## What is required
Using the data beneath, show every line that includes the word "Despojos".

*** Material to process ***

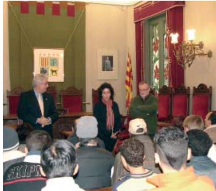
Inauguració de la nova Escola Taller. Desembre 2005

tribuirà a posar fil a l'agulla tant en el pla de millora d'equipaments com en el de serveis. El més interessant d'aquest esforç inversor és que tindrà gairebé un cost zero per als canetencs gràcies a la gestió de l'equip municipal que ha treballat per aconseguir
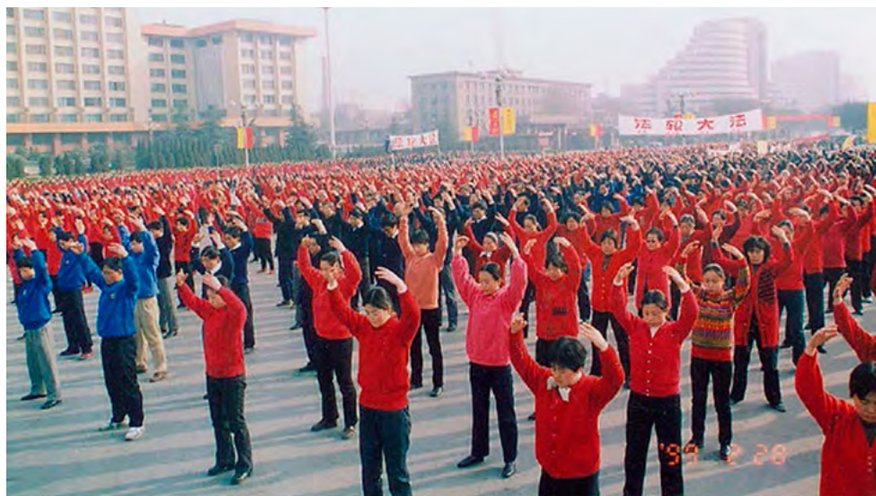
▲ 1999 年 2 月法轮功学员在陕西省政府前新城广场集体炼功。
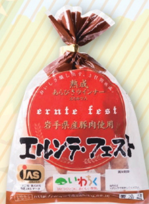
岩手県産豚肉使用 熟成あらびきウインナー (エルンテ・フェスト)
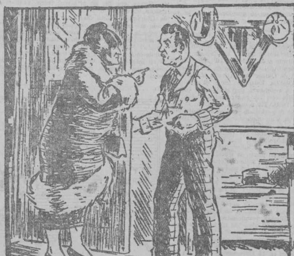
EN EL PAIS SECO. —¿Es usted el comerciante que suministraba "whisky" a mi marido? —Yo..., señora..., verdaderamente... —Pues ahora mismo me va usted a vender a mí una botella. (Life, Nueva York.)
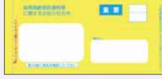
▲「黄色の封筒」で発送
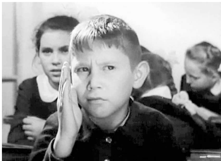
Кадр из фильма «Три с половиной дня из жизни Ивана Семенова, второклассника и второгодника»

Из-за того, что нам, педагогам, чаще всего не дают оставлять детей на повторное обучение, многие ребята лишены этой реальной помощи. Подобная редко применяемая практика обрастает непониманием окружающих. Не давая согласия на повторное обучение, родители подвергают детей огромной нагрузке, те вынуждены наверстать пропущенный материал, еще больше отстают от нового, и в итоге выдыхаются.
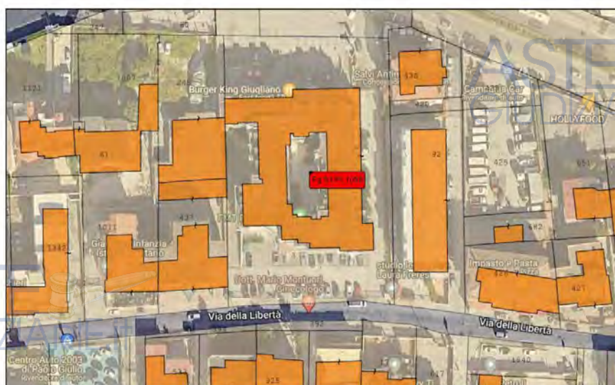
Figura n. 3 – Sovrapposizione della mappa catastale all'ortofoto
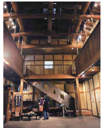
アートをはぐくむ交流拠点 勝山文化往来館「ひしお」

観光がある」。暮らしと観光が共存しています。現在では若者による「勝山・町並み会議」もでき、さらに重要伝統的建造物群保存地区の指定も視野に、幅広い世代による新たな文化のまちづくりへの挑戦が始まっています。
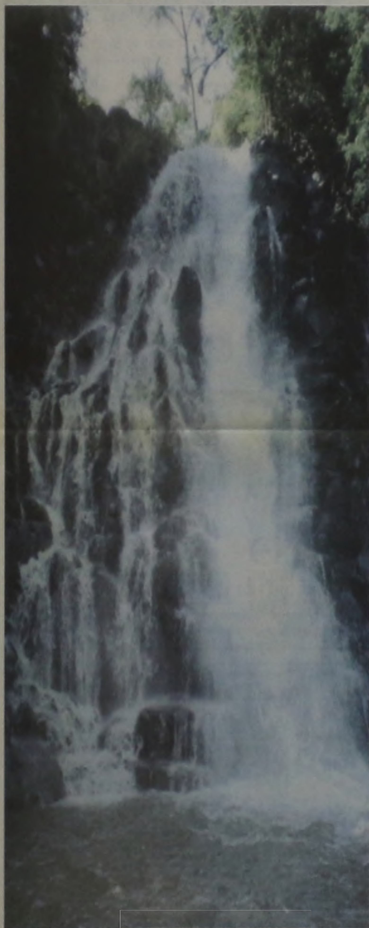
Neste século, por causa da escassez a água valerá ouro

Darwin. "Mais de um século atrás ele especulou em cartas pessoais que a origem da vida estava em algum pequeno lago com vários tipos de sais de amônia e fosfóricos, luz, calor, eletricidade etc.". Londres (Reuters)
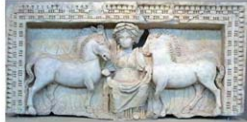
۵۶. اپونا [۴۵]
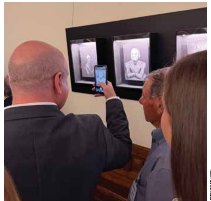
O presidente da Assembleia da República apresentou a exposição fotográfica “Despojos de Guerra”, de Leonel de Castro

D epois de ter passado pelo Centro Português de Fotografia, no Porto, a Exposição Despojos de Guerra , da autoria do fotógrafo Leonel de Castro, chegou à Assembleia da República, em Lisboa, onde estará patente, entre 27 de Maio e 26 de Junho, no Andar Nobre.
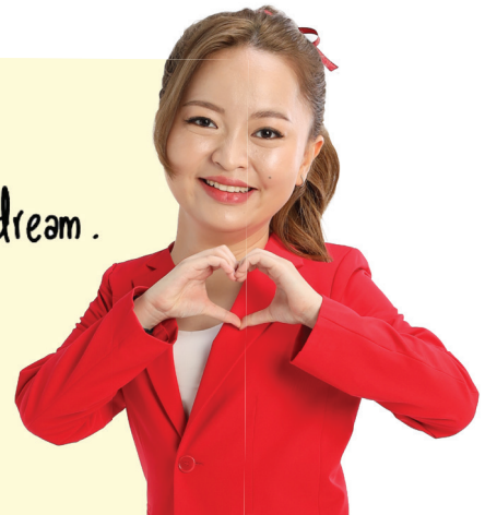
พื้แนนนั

*** End of Material to process ***

## Answer space
O presidente da Assembleia da República apresentou a exposição fotográfica “Despojos de Guerra”, de Leonel de Castro
D epois de ter passado pelo Centro Português de Fotografia, no Porto, a Exposição Despojos de Guerra , da autoria do fotógrafo Leonel de Castro, chegou à Assembleia da República, em Lisboa, onde estará patente, entre 27 de Maio e 26 de Junho, no Andar Nobre.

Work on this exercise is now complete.